======== Exercise material ========

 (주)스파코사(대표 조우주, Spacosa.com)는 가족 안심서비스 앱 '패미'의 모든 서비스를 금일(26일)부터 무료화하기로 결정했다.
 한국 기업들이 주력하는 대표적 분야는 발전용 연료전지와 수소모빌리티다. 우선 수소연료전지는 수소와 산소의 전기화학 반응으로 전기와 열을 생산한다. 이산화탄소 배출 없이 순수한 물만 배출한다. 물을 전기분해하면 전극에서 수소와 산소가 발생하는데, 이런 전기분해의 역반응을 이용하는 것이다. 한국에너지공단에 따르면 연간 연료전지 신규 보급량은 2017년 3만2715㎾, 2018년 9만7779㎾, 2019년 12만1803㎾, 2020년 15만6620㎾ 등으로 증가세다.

========
======== Exercise material ========

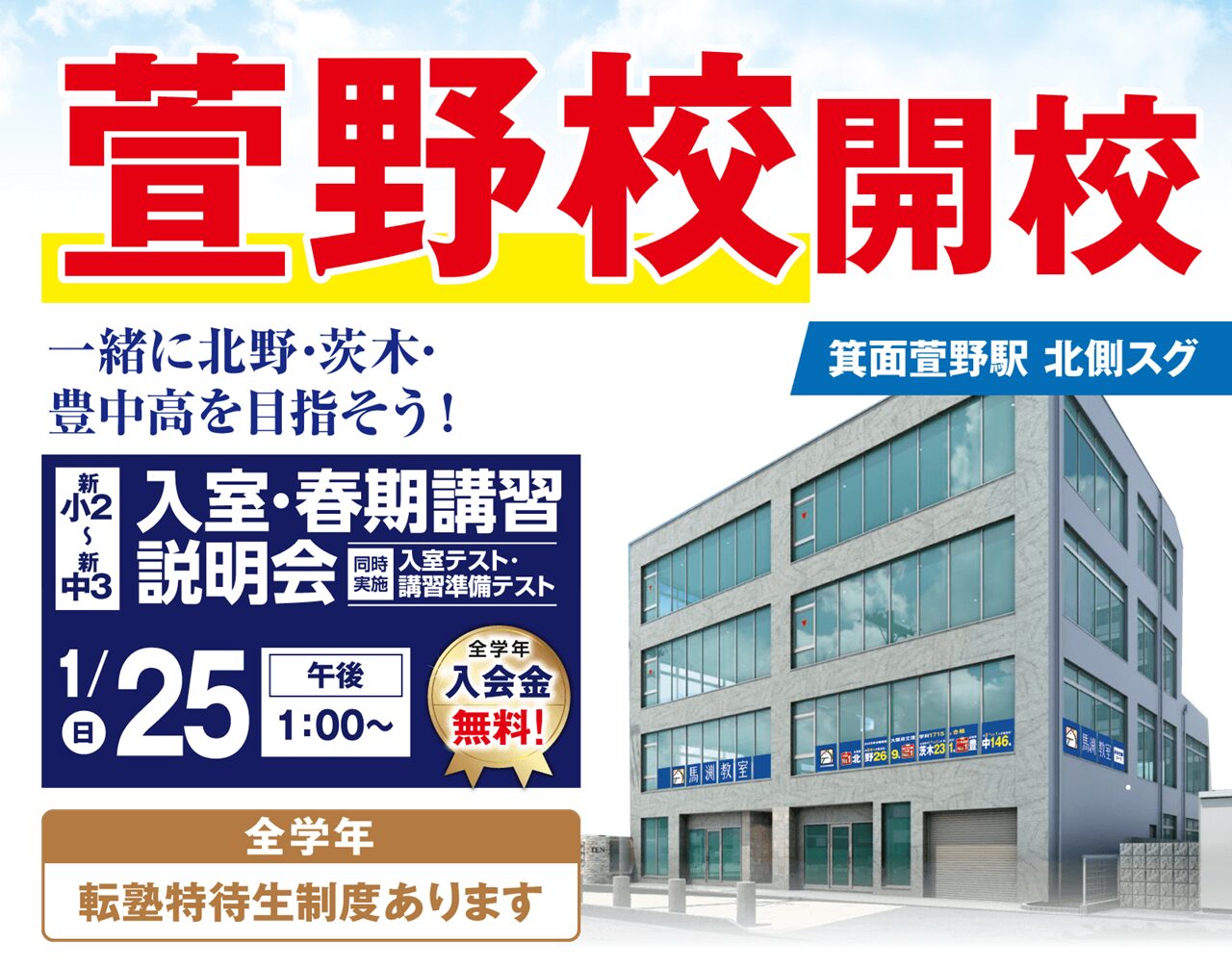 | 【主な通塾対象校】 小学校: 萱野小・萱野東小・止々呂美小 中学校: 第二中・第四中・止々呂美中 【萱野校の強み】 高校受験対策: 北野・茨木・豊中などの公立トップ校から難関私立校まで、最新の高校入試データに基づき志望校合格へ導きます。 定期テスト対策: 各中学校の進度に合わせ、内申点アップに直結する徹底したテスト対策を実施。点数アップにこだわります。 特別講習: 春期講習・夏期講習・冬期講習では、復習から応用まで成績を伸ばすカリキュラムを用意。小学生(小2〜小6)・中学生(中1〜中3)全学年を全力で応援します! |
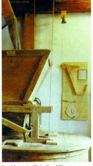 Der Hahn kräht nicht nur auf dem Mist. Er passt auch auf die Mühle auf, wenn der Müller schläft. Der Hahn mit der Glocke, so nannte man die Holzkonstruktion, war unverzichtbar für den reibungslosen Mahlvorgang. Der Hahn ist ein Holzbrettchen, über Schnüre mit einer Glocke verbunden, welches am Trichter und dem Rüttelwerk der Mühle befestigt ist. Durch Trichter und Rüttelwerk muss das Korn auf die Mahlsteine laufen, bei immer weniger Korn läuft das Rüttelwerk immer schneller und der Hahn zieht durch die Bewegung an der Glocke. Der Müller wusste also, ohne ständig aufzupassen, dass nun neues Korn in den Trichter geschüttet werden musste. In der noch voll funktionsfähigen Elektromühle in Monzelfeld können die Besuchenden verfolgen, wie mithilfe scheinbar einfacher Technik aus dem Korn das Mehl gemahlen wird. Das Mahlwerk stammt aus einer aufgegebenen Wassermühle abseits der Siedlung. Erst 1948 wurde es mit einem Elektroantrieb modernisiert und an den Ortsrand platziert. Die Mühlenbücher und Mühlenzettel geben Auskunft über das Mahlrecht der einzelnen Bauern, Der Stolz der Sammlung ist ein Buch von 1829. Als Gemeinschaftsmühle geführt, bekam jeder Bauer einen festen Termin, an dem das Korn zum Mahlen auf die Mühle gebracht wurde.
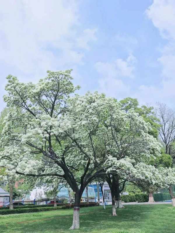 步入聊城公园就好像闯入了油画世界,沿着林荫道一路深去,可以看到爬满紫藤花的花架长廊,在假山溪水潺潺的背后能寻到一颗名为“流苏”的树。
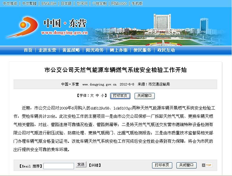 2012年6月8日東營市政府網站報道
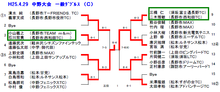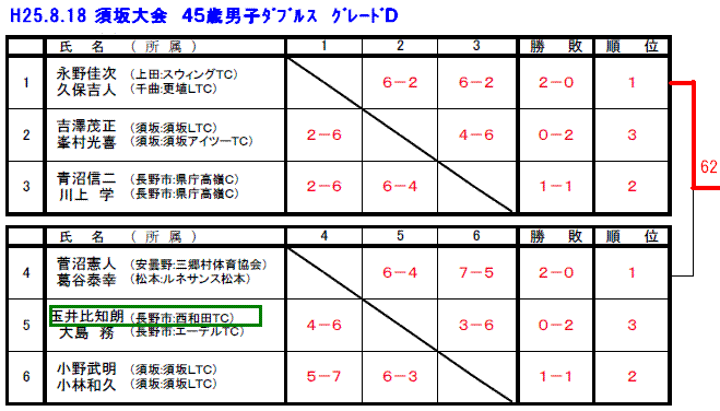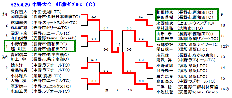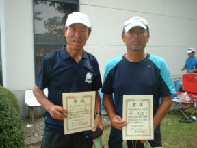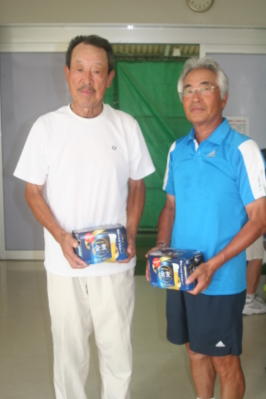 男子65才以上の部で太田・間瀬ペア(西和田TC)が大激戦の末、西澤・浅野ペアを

========
======== Exercise material ========

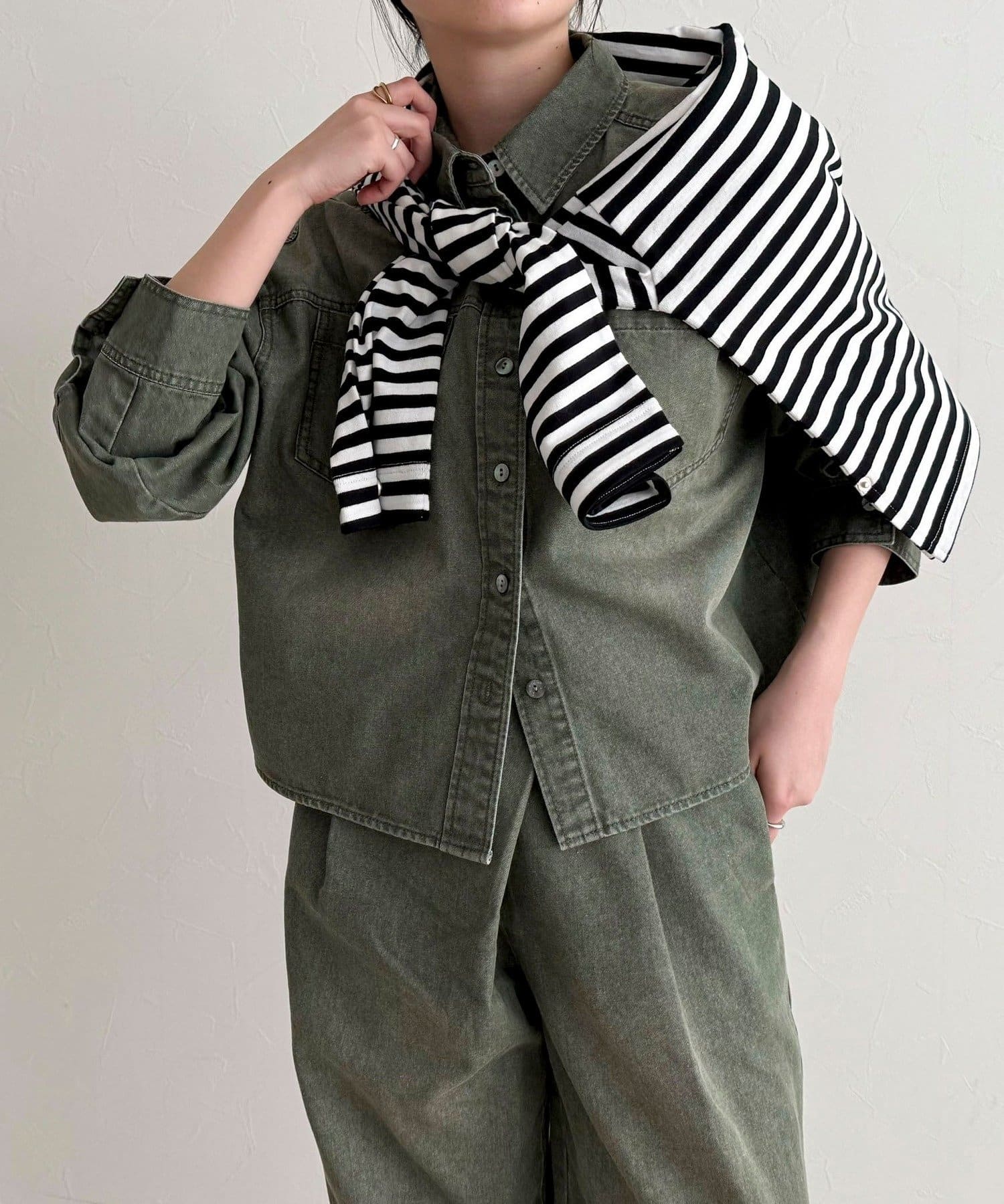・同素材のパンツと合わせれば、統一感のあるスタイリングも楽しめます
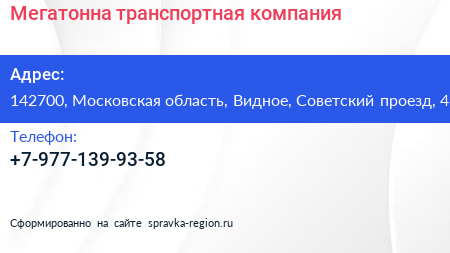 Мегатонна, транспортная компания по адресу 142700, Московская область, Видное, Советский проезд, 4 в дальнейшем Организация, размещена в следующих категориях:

========

Look back over the records above. Reproduce exactly everything from the line with "步入聊城公园就好像闯入了油画" down to the line with "男子65才以上の部で太田・間瀬ペア(西和田TC)が大激戦の末、西澤・浅野ペアを", inclusive, and leave the pictures out.

▶ Result of the exercise:
 步入聊城公园就好像闯入了油画世界,沿着林荫道一路深去,可以看到爬满紫藤花的花架长廊,在假山溪水潺潺的背后能寻到一颗名为“流苏”的树。
 2012年6月8日東營市政府網站報道
 男子65才以上の部で太田・間瀬ペア(西和田TC)が大激戦の末、西澤・浅野ペアを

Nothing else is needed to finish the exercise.